In almost all cases when one or both of these two heavy metals are elevated the patient informs me that they rely on well water as their primary water supply.

…If you have well water, you cannot assume that your water is fine just because it tastes great, even if the neighbor’s well tested fine.  Don’t put yourself or your family at risk.”

What do I do?

I Preface the following by reminding everyone that Ward Water is not a health care organization. We’re not Doctors and any insights we offer can never take the place of working with a Doctor who truly knows you and understands your situation.

What we can do, however, is to offer our professional advice when it comes to making sure your family’s  drinking water is safe from Arsenic and other health related contaminants.

1.       Test your Water 

If you haven’t had your home’s drinking water tested recently, performing a few simple water tests is the best possible thing you can do.

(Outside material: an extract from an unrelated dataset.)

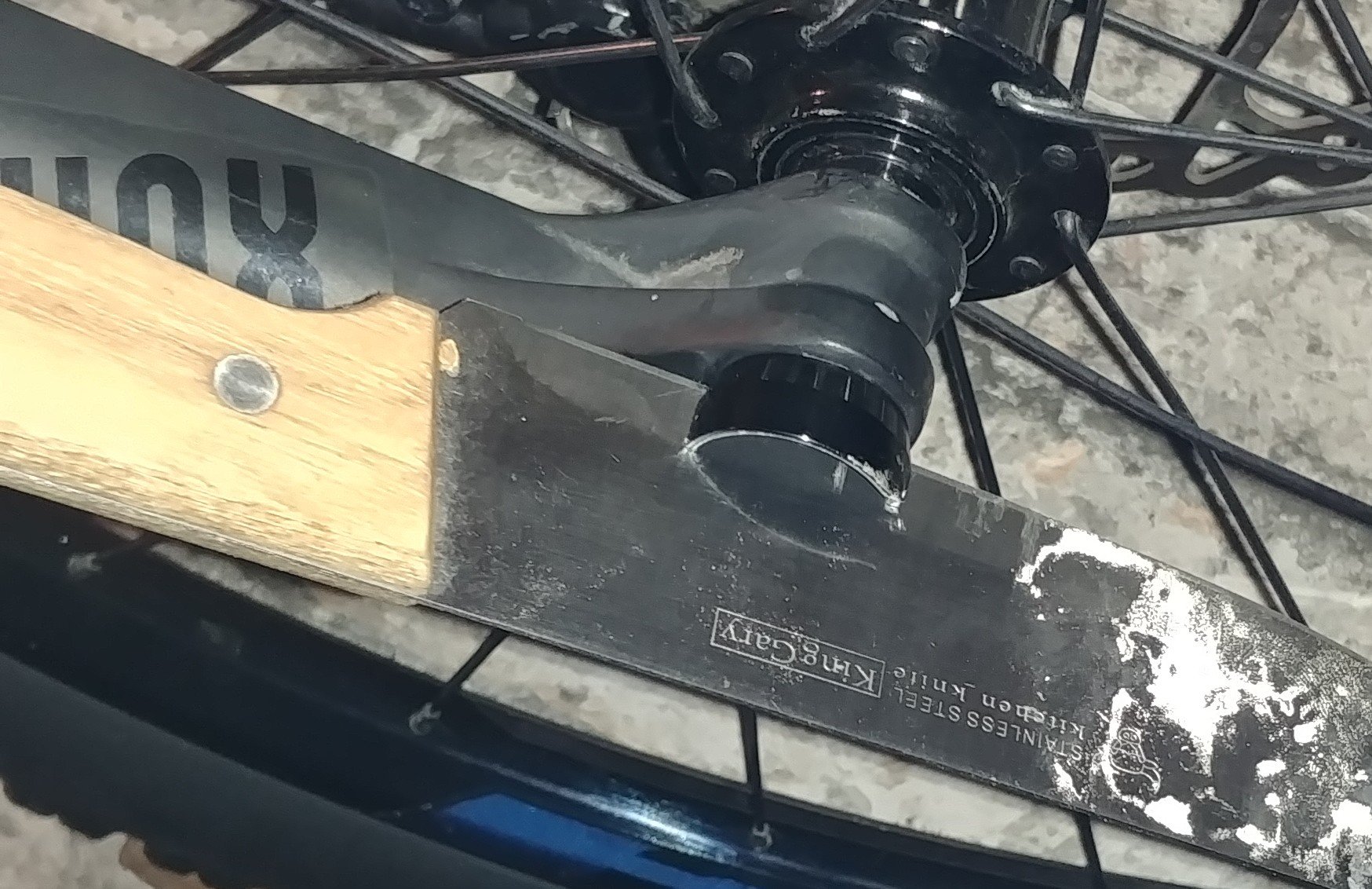 thepanone Napisano 16 Sierpnia 2019 Autor Napisano 16 Sierpnia 2019 Okazało się, że ten czarny okrągły element ma wciecia i wystarczy tam włożyć nóż. Teraz pytanie czy bezpieczna jest jazda bez zgubionego elementu, w sensie czy zadaniem śruby zacisku nie było rozpychanie ośki. Ps jakby to wyglądało gdybym jeździł z tym nożem?

Most of the really harmful contaminants found in water, such as Arsenic, Uranium, Radon and Bacteria are undetectable. You can’t see, smell or taste them. Unless you’ve had your water professionally tested, there’s a good chance you’ll never even know if there’s a problem.

2.       Speak with a Doctor

If you have any concern whatsoever that you or your family has been exposed to Arsenic, talk to a Doctor who is experienced dealing with heavy metals toxicity.

A good Doctor will evaluate your situation in its entirety, and take the time to understand you as a person- not just as a series of numbers on a chart.

3.       Contact a Reputable Water Treatment Professional

If you’re concerned that your water may contain Arsenic and would like to perform a water test, or if your water has already been tested and came back with elevated Arsenic levels, contact a treatment professional with extensive experience in dealing with Arsenic mitigation.

Find out what types of treatment systems the company deals in and make absolute certain they evaluate the other contents of your water (pH, minerals etc).

It’s imperative to look at the overall composition of your water before deciding on a proper treatment recommendation. This cannot be overstated enough.

And just like choosing a Doctor that’s right for you, make sure the treatment company you decide to deal with understands your family’s “overall” needs as a whole.

Remember…you are the real patient…not your water. Treating your home’s well water should be looked at as nothing more than a possible remedy to a more serious symptom.